Get to know a Static contributor: Alex Topp

alex topp

Static’s second issue, First Times in Toronto, came out October 20th. So to celebrate, over the month, you’ll get to know the contributors of the issue through some of their first times in Toronto.

Alex Topp contributes artwork to Static Zine. In the summer she did half the storyboards for a feature movie called Advocate. She has a psychology BA from York and works at XocoCava and Sweet Mickeys.

First house was the semi-detached 62 Ravina Crescent at Jones n Danforth.

First concert was Archaos with my dad in 1990-ish. Where to my horror it lacked clowns, it made up for with fire, noise, and the smell of gasoline and sulphur. I do like all those things now.

First favourite book was The Murder of Roger Ackroyd.

First record store was Vortex at Yonge n Eglinton. I bought And Out Come the Wolves.

My first kiss was in the back of a van when I was 17.

First heartbreak was when my 20-year-old cat went into the forest permanently. My mum said “I hope you cry that much when I die.” She’s good with words.

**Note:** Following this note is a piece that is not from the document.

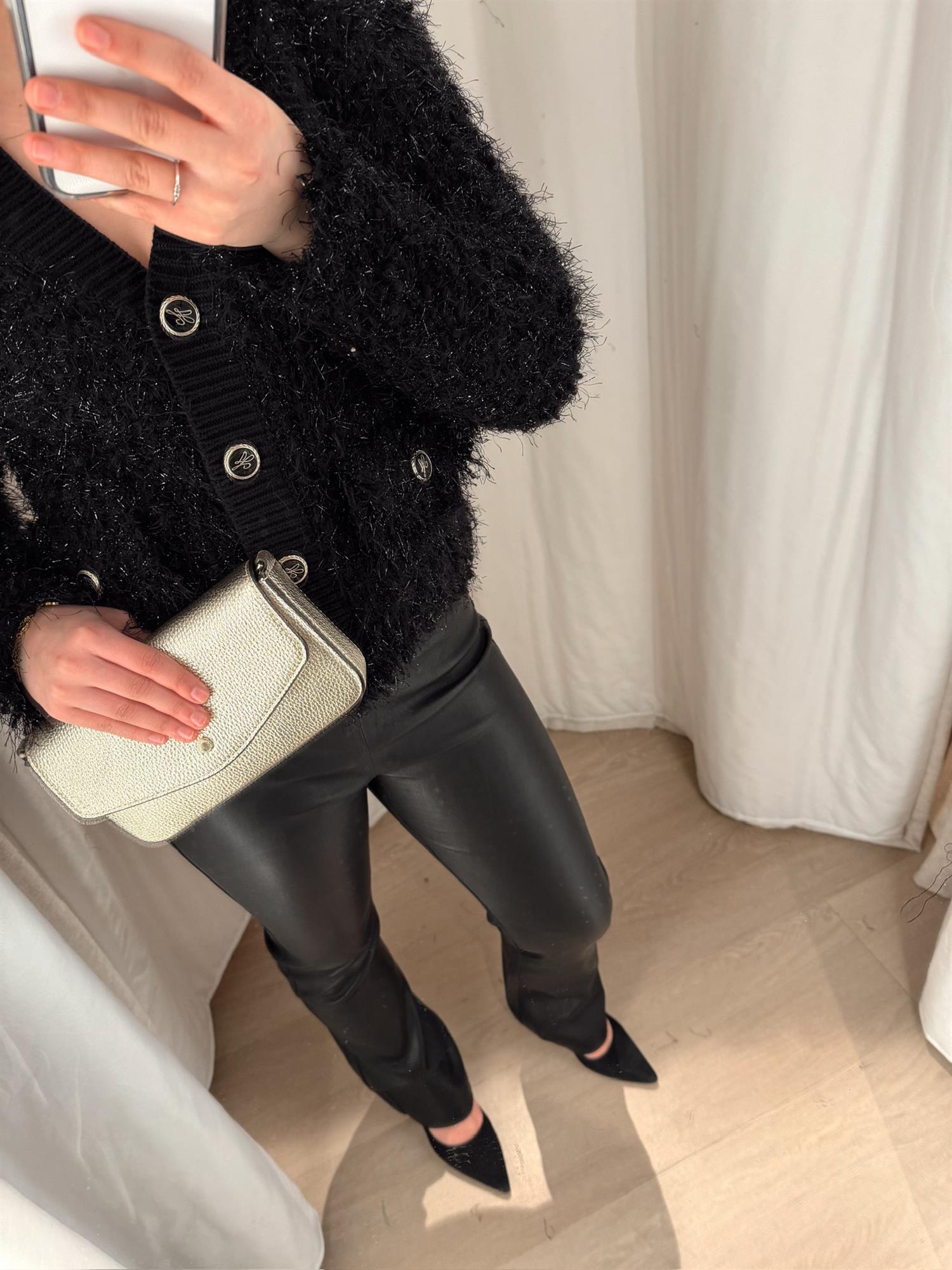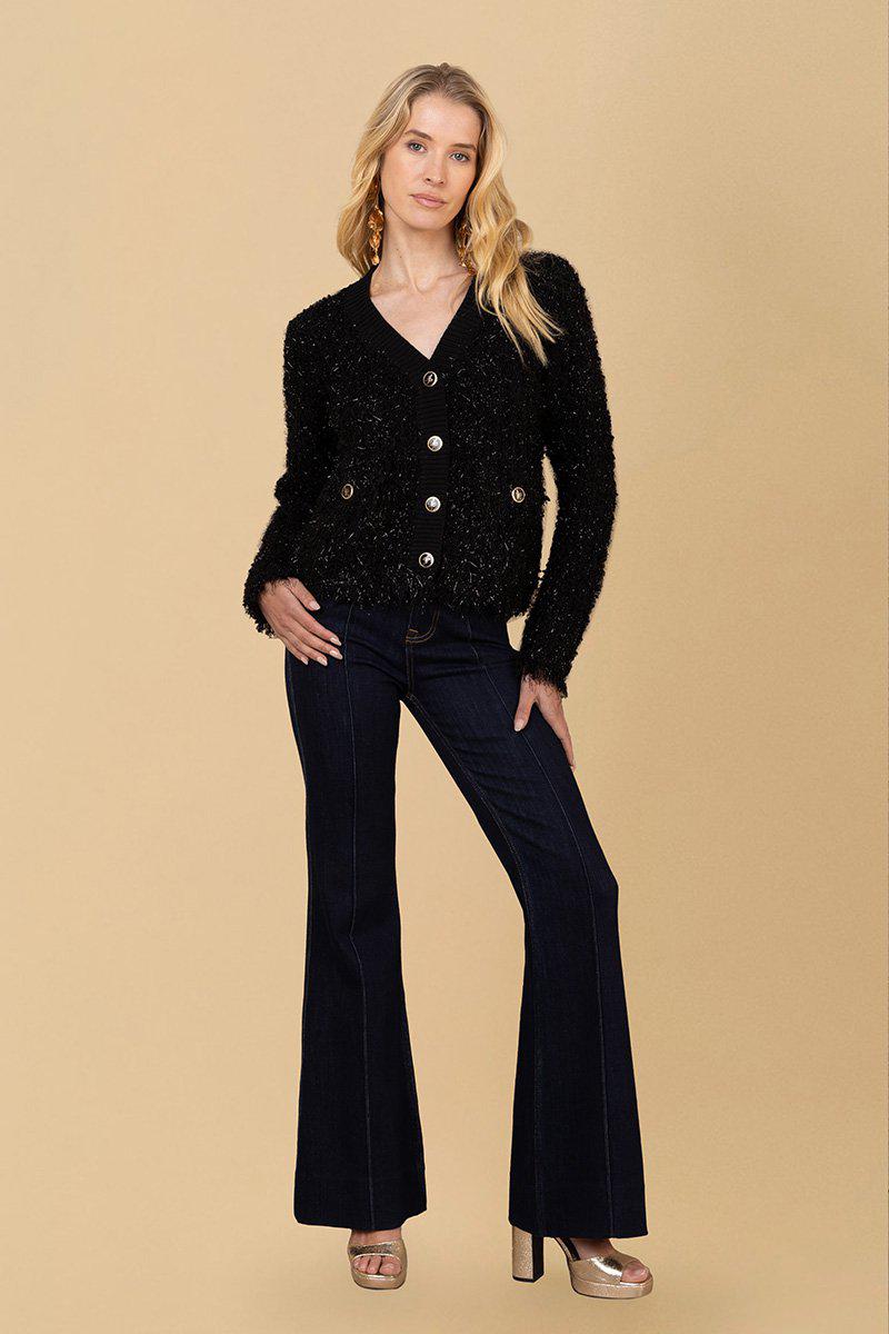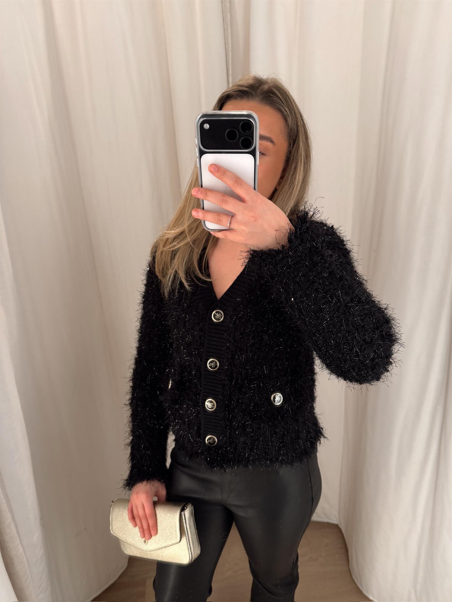 Legg til et stilrent element i garderoben din med Madalyns melange boucle cardigan. Denne cardiganen har en enkel passform med knapper foran og lange ermer, perfekt for å skape en avslappet, men elegant look.

Most vividly, the first times hearing certain songs – particularly Sun Ra’s version of Somewhere Over the Rainbow. I was strapped into a kids’ car seat so I must have been very young but it did change my perception of art (like Archaos changed the circus). Somewhere Over the Rainbow was in many ways a standard, from one of my favorite movies but taken way out of context. Why would he push his piano down the stairs… It sounded like a meteor shower or the northern lights, or my parents fighting. It was completely unpredictable, semi-detached like me and our house, but had a firm enough hold on reality to blow a 4-year-old’s mind. It was beautiful and classy and funny as hell. I always used to shut up when it came on, and I still do.